Up until this year, Mack—the light of her life and the main reason she and John were still married—had stayed home with her when her husband went to the woods in the first weekend in November. She’d enjoyed her time with Mack. He’d grown up so fast, and those weekends were a nice way to reconnect, to eat TV dinners and forgo cooking and cleaning and all the other crap she hated but did for the good of the family. It was her weekend to relax, to enjoy Mack, and let him break from routine.
She hadn’t been happy when John had pronounced this as the weekend M
ack would make his entry into manhood. There was a small trace of regret that her baby boy was going to be going with his father rather than staying with her for the weekend to keep her company, but that was balanced out by the fact that she could go see the new Sandra Bullock romcom and meet her friends for drinks at Cheddar’s without worrying about what Mack might get up to without her for the evening. She could get tanked on margaritas, reconnect with her girlfriends about everything from jobs and work to men and sex (she was barely having any, like most of them), Uber home, and sleep in the next morning.
She’d been out for a nice lunch at Chipotle when she’d gotten the call from the unknown number. She’d taken it because that small mother’s instinct had cried out at her that it might, just might, be an emergency involving John and Mack, though she didn’t really believe it—
Until she’d heard the cool words of the man on the other end of the line, telling her that John was dead and Mack was sitting in the Calhoun County Sheriff’s office, waiting for her to come pick him up.

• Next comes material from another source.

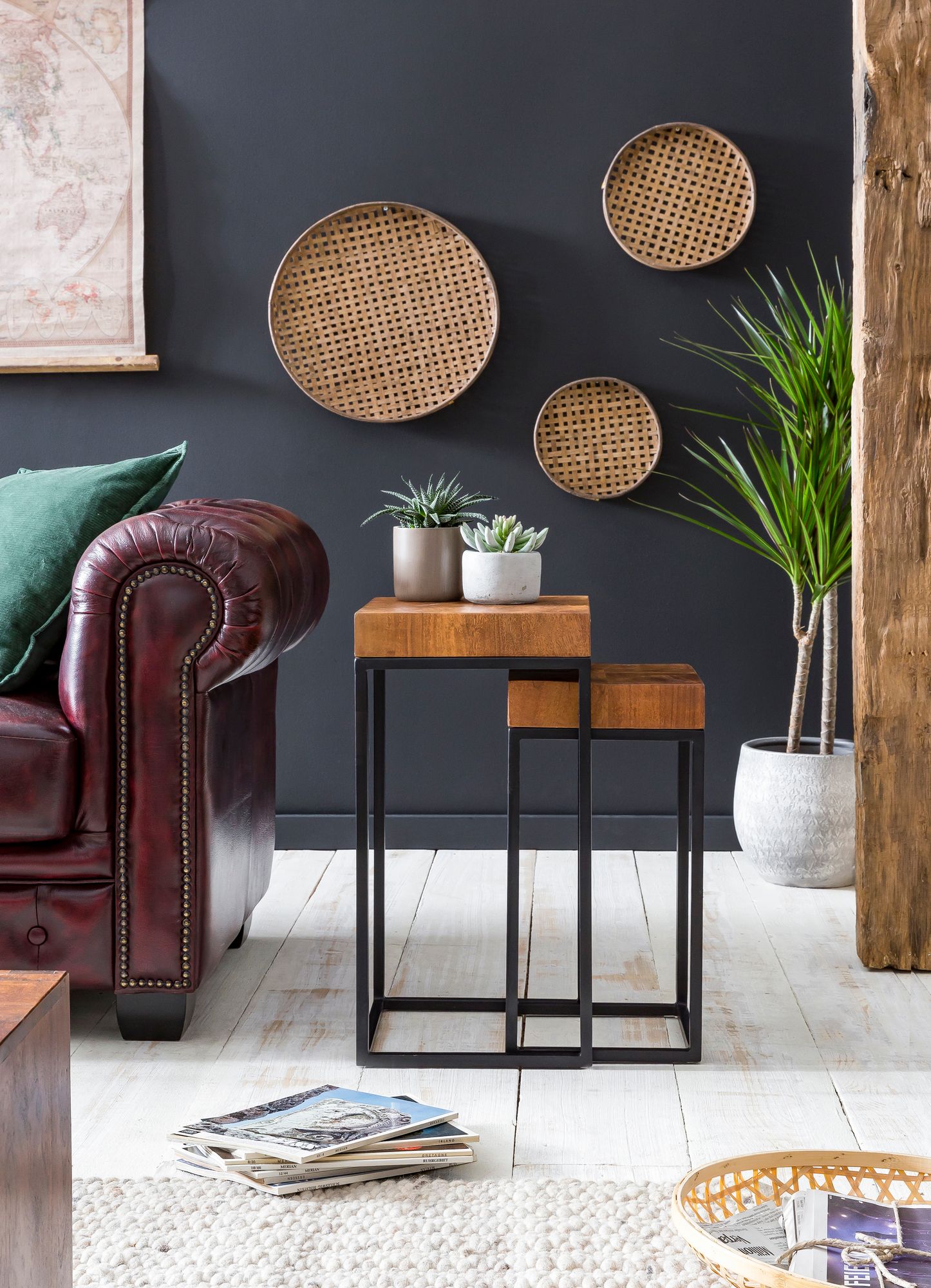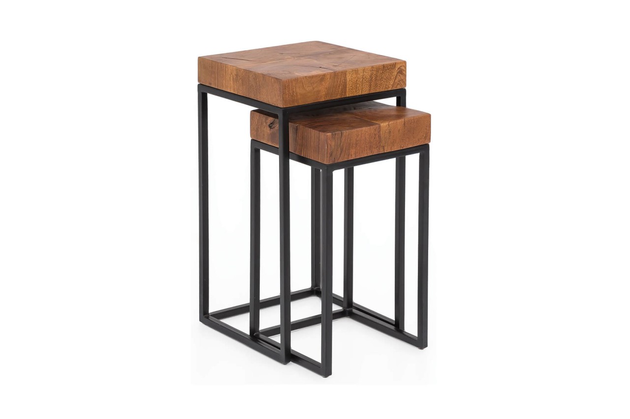 Unser Beistelltisch Set SEON zeichnet sich durch sein modernes Design im industriellen Look aus. Die Beistelltische aus Sheesham Holz und Metall sind richtige Hingucker und machen in vielen Räumen super Figur. Die kleinen Holz-Anstelltische besitzen eine tolle Holzmaserung und sind handgefertigt - somit ist jedes Set ein Unikat. In unserem Shop findest du tolle weitere Produkte der Serie SEON.

She hadn’t cried, surprisingly. Maybe it was because she and John had been mostly staying together for Mack. Maybe it was because they hadn’t had sex in almost a year, and when they had, it had been mechanical, over quickly, and left her wondering afterward if he’d been picturing an Asian woman when he closed his eyes for most of it.
Maybe the tears would come later. After all, they’d been married for almost twenty years. That didn’t just pass without some emotion, did it?
Nora clutched the wheel tightly as she drove down the interstate, the grey sky hanging over them like a ceiling on the world and Mack sitting next to her like a black hole of silence, sucking in every word she said without radiating any out in return.
“Mack?” she offered again, trying to get something, anything out of him. He glanced at her, attentive enough to watch her, waiting for her to say something more than his name. “Are you …?” She didn’t bother to finish.